* Your objective
All that is wanted is the exact lines from the first line of the data below through the line with "Обои для рабочего", both ends included, with pictures omitted.
[[ Supplied information open ]]
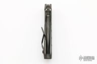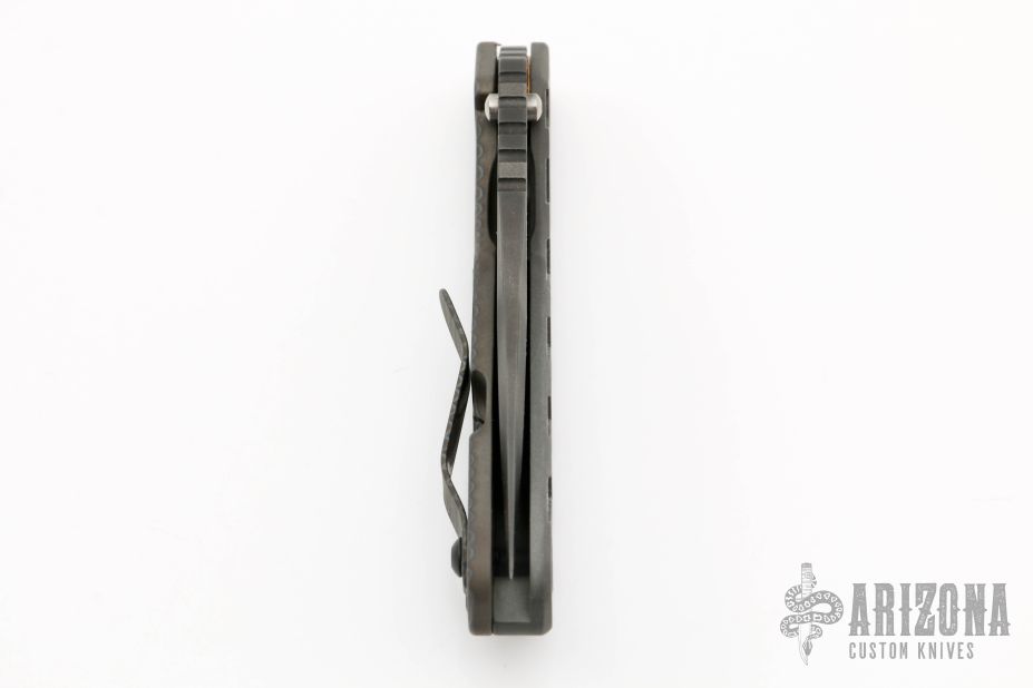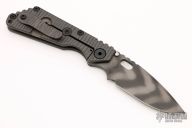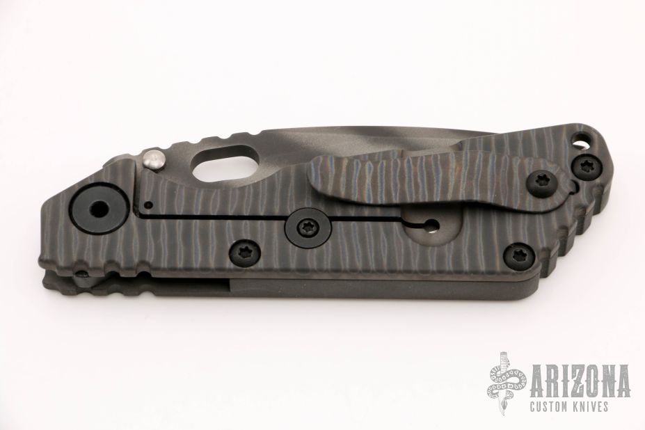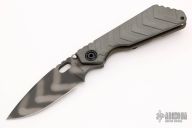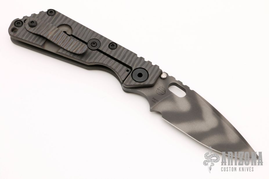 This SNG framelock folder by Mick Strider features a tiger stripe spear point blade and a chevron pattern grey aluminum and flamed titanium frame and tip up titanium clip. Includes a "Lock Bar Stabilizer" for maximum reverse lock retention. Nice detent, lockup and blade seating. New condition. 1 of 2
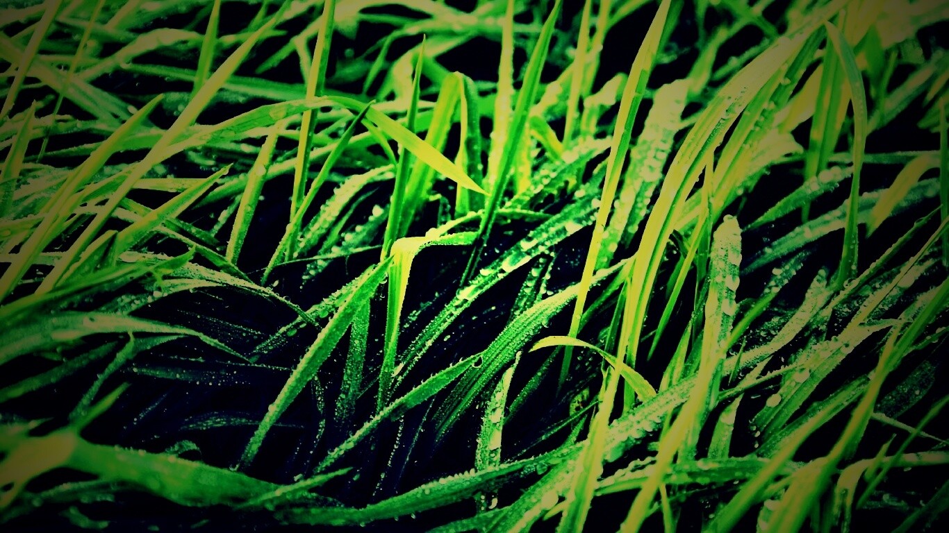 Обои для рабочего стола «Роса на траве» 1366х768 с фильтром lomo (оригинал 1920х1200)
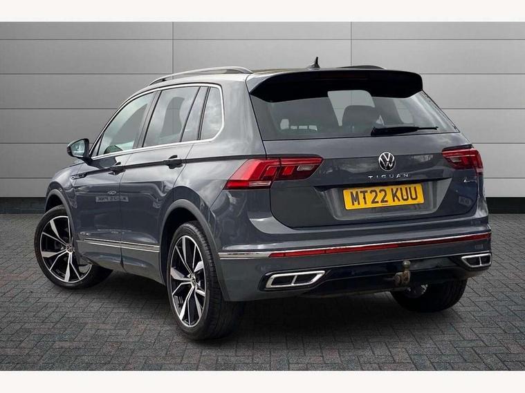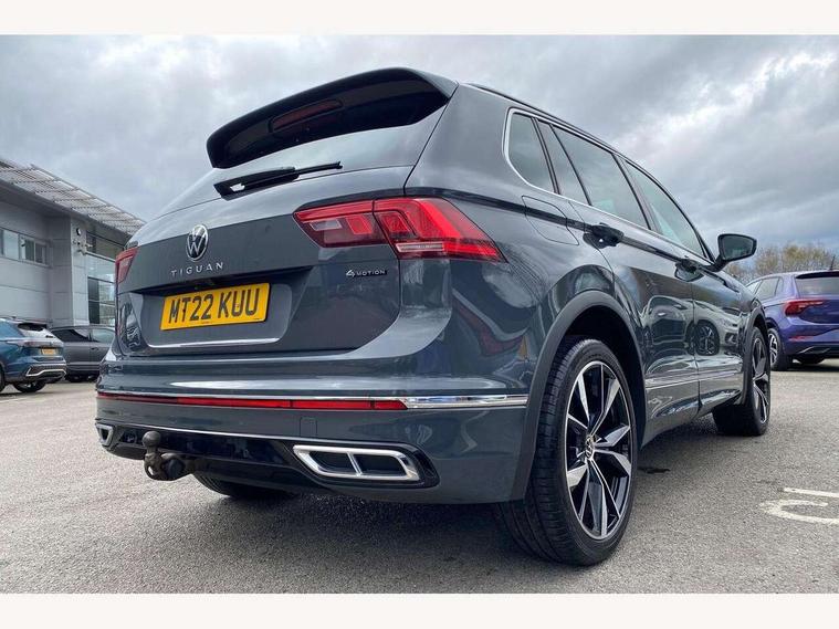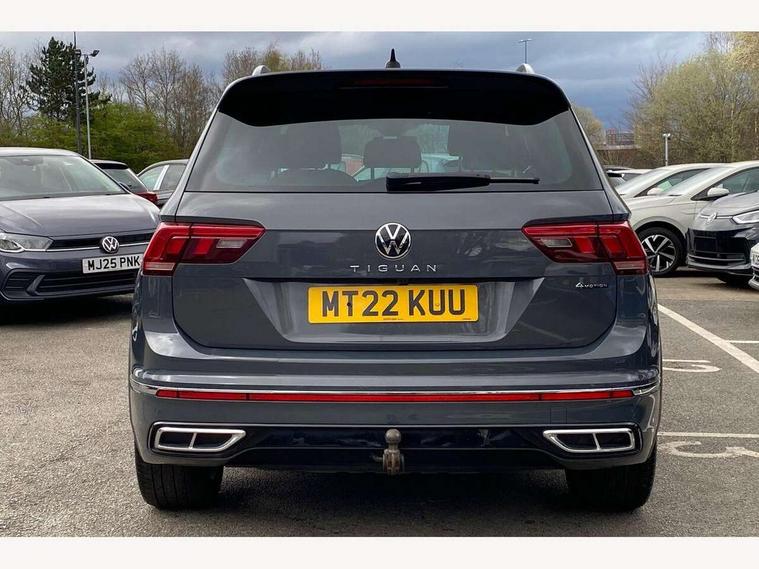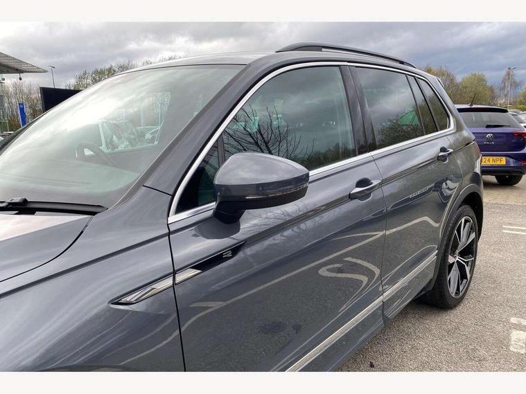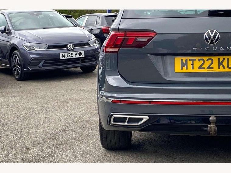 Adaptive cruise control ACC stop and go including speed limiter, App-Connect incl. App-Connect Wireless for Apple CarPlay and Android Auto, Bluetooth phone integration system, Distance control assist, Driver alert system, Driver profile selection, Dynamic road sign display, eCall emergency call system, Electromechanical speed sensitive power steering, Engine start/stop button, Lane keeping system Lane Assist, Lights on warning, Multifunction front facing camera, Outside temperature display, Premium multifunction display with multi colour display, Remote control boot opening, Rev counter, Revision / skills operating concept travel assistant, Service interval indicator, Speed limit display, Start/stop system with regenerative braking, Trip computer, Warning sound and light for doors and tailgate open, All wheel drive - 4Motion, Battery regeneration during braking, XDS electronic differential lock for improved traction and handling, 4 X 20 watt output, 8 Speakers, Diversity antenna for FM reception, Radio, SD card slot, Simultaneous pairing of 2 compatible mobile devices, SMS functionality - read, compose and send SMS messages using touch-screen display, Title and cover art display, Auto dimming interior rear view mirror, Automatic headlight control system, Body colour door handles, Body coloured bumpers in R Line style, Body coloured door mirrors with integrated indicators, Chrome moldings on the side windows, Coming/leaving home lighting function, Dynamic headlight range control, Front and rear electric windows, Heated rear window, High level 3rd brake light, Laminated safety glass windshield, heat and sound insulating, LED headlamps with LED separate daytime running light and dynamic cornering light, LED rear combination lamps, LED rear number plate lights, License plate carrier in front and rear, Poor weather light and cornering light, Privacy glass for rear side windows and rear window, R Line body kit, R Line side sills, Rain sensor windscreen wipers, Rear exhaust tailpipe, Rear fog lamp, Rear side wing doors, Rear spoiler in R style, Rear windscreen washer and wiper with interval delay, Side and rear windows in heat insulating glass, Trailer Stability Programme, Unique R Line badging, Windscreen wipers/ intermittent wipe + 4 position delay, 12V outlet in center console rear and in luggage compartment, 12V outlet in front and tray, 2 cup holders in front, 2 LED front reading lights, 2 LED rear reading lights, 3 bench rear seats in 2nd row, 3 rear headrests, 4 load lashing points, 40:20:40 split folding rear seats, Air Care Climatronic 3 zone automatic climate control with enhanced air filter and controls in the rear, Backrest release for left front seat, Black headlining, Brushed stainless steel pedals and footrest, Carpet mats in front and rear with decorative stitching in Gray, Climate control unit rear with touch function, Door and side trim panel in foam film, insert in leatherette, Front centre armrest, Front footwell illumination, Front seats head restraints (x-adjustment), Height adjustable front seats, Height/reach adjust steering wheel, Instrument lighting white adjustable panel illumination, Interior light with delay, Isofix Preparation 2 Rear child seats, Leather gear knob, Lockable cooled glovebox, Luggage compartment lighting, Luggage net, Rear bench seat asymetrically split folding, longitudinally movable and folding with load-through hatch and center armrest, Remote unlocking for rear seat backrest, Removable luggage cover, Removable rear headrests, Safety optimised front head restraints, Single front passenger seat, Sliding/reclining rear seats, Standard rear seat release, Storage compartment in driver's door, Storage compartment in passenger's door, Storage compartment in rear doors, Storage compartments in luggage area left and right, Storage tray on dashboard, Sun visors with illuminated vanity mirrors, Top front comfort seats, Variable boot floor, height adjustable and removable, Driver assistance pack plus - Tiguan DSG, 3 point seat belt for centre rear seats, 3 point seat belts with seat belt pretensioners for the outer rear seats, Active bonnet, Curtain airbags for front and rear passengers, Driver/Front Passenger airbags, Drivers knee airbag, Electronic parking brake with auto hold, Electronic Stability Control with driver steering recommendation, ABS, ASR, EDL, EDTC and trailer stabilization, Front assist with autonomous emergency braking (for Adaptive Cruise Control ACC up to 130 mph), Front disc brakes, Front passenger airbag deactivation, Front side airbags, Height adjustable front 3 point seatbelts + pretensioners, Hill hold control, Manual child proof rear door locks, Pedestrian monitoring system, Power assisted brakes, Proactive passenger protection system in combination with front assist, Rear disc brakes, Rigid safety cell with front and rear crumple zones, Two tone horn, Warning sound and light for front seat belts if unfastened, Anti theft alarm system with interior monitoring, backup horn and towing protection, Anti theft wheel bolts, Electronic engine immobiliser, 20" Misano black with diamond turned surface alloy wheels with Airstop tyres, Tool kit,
[[ Supplied information closed ]]
* The completed task
 This SNG framelock folder by Mick Strider features a tiger stripe spear point blade and a chevron pattern grey aluminum and flamed titanium frame and tip up titanium clip. Includes a "Lock Bar Stabilizer" for maximum reverse lock retention. Nice detent, lockup and blade seating. New condition. 1 of 2
 Обои для рабочего стола «Роса на траве» 1366х768 с фильтром lomo (оригинал 1920х1200)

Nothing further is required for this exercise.